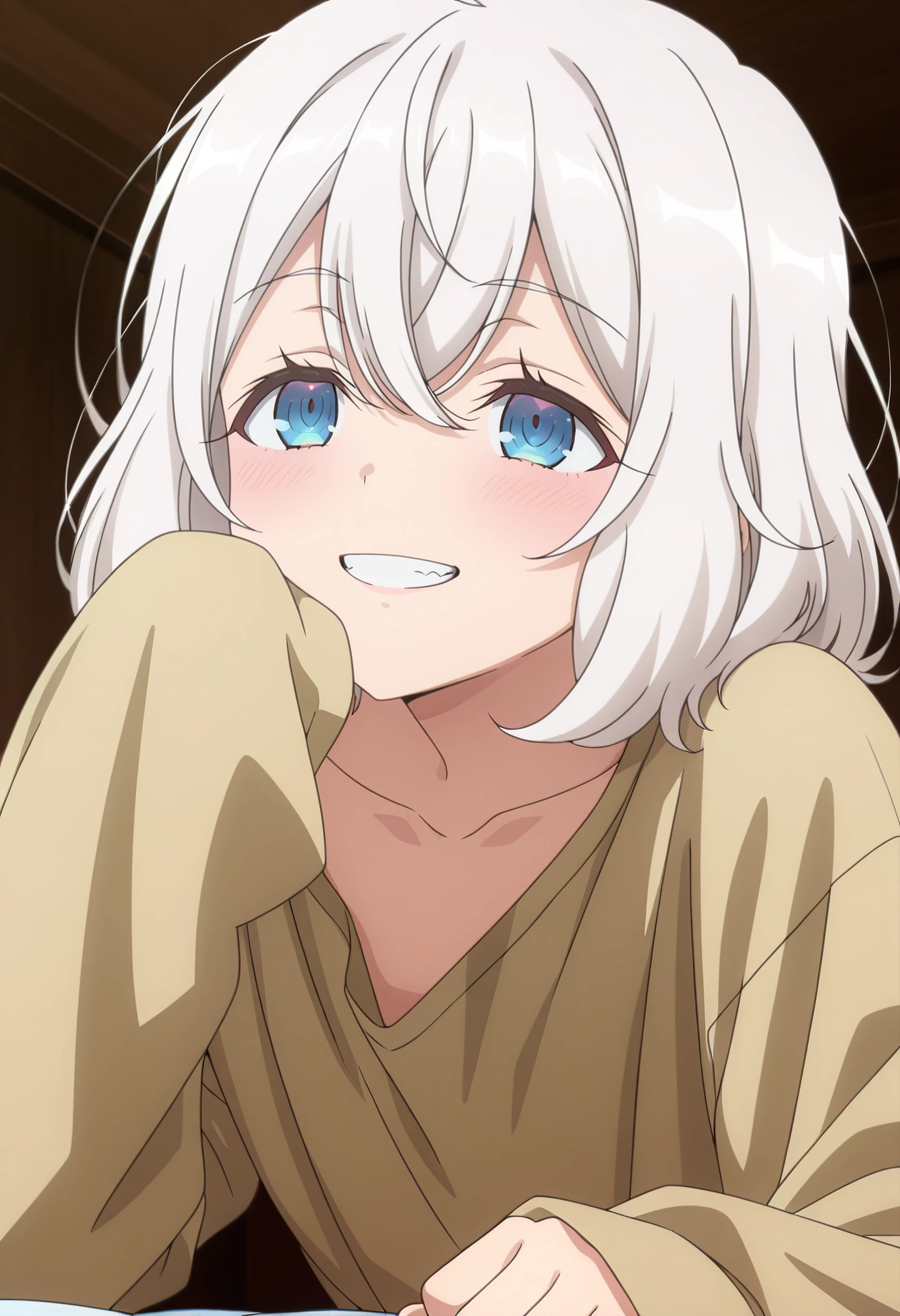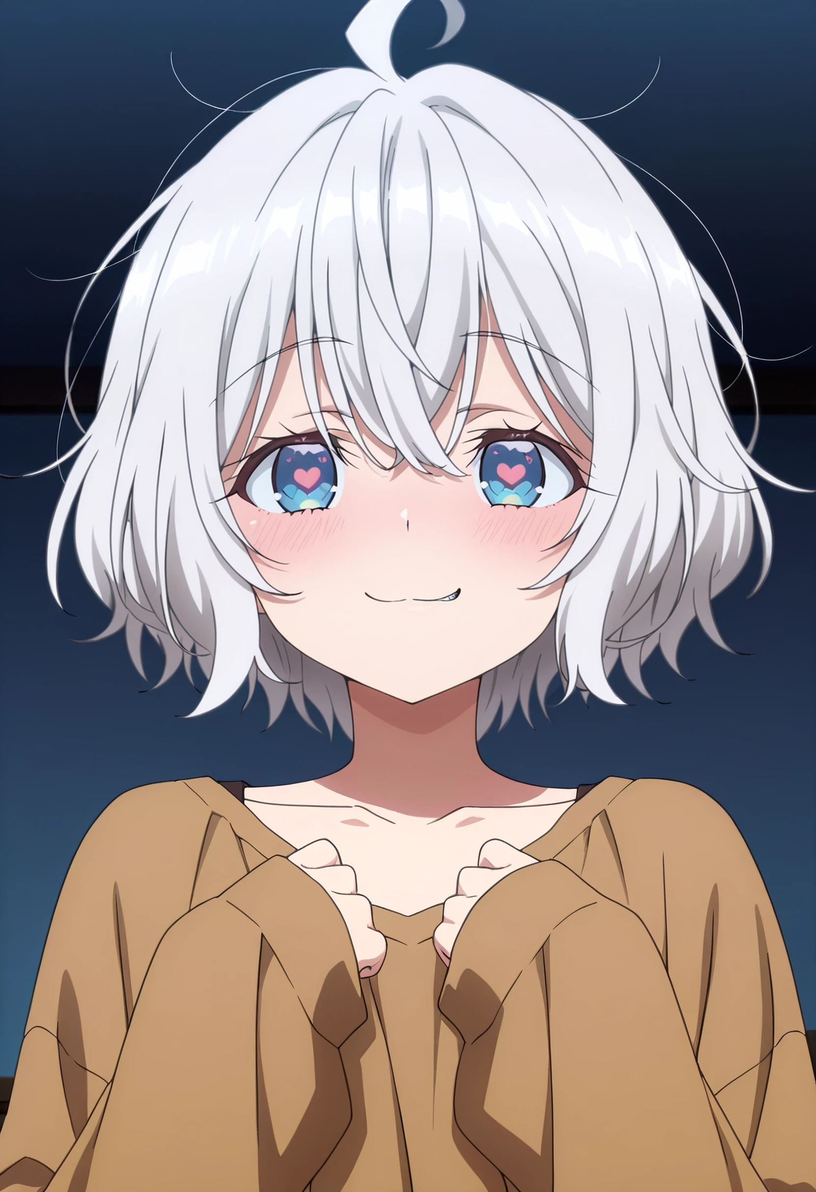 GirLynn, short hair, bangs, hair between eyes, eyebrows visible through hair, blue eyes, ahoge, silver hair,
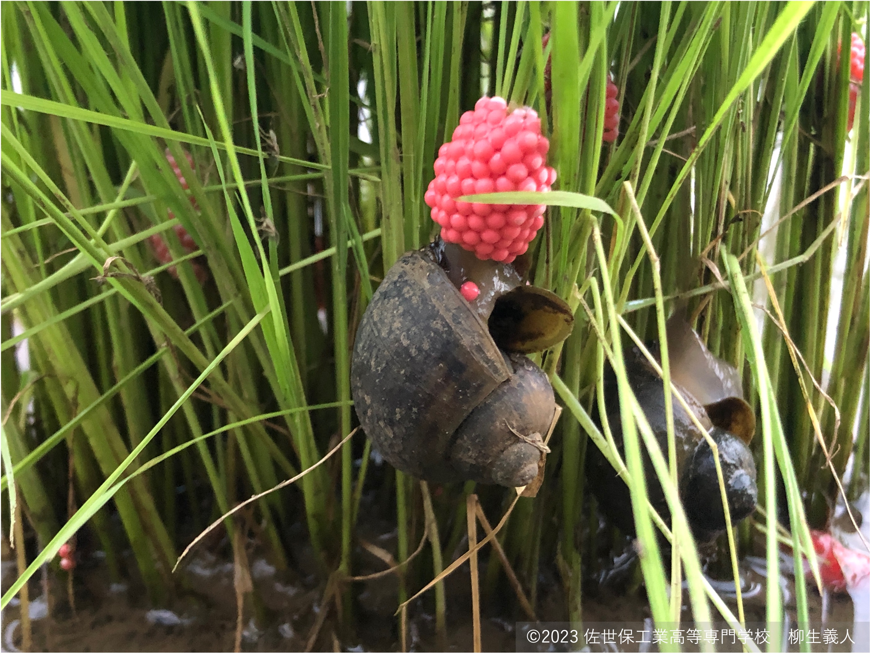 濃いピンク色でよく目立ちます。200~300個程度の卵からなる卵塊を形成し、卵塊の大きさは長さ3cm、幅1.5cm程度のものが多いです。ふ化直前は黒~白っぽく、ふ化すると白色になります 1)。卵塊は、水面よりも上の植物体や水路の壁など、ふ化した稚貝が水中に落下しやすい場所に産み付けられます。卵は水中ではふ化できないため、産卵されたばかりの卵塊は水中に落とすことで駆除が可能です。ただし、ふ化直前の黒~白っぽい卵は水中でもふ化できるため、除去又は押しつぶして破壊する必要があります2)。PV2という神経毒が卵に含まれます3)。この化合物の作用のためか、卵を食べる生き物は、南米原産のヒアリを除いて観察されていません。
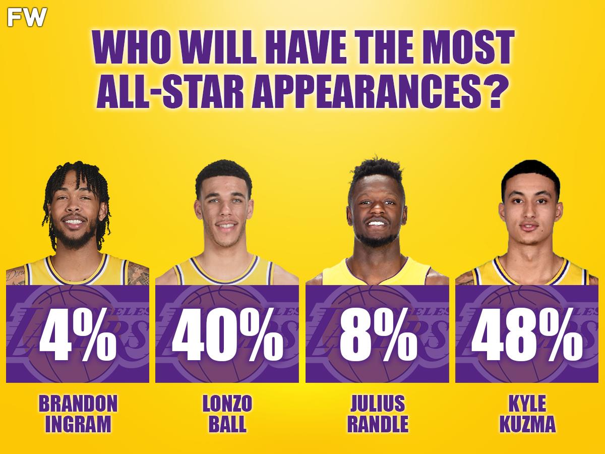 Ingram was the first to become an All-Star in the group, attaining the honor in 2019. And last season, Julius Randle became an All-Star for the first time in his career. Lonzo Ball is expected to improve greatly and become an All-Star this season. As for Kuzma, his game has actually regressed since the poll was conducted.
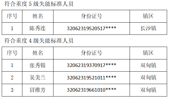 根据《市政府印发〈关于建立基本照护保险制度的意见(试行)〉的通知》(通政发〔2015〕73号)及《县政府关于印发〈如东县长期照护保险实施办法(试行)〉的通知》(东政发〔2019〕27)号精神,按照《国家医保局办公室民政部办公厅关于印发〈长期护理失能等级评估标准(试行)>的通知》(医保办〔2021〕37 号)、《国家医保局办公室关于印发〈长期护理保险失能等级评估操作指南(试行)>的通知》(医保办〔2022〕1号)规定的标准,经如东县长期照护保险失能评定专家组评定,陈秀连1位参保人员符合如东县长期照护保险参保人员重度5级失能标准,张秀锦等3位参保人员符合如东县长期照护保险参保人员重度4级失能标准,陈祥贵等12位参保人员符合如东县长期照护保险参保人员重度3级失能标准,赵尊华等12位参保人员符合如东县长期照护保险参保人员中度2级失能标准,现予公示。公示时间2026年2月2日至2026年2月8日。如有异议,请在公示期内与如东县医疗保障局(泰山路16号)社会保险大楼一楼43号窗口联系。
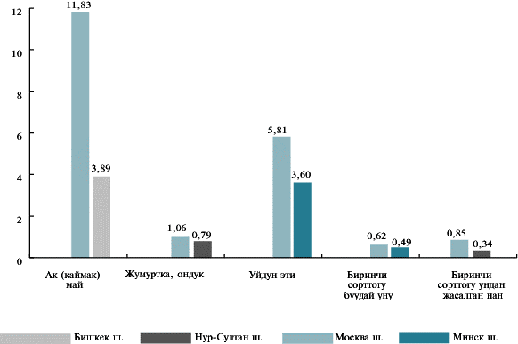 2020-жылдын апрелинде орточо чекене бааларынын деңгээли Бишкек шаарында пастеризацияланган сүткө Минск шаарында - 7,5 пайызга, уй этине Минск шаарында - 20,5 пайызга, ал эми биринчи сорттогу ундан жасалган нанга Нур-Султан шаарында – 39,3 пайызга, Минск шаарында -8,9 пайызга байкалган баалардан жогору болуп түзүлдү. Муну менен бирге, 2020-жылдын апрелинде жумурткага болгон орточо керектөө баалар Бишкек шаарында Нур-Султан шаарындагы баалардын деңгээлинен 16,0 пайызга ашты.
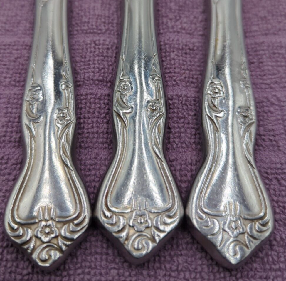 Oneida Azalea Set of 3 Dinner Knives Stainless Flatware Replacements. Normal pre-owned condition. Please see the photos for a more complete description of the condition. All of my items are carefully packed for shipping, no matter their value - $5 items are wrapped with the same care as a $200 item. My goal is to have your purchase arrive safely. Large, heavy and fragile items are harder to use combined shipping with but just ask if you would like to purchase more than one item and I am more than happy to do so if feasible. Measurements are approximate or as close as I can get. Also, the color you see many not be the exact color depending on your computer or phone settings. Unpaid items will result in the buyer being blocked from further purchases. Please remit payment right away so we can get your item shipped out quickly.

.....

For this answer, return word for word the lines from the first line of the records through the line containing "濃いピンク色でよく目立ちます". Omit the pictures.

- [Answer for the task]:
 GirLynn, short hair, bangs, hair between eyes, eyebrows visible through hair, blue eyes, ahoge, silver hair,
 濃いピンク色でよく目立ちます。200~300個程度の卵からなる卵塊を形成し、卵塊の大きさは長さ3cm、幅1.5cm程度のものが多いです。ふ化直前は黒~白っぽく、ふ化すると白色になります 1)。卵塊は、水面よりも上の植物体や水路の壁など、ふ化した稚貝が水中に落下しやすい場所に産み付けられます。卵は水中ではふ化できないため、産卵されたばかりの卵塊は水中に落とすことで駆除が可能です。ただし、ふ化直前の黒~白っぽい卵は水中でもふ化できるため、除去又は押しつぶして破壊する必要があります2)。PV2という神経毒が卵に含まれます3)。この化合物の作用のためか、卵を食べる生き物は、南米原産のヒアリを除いて観察されていません。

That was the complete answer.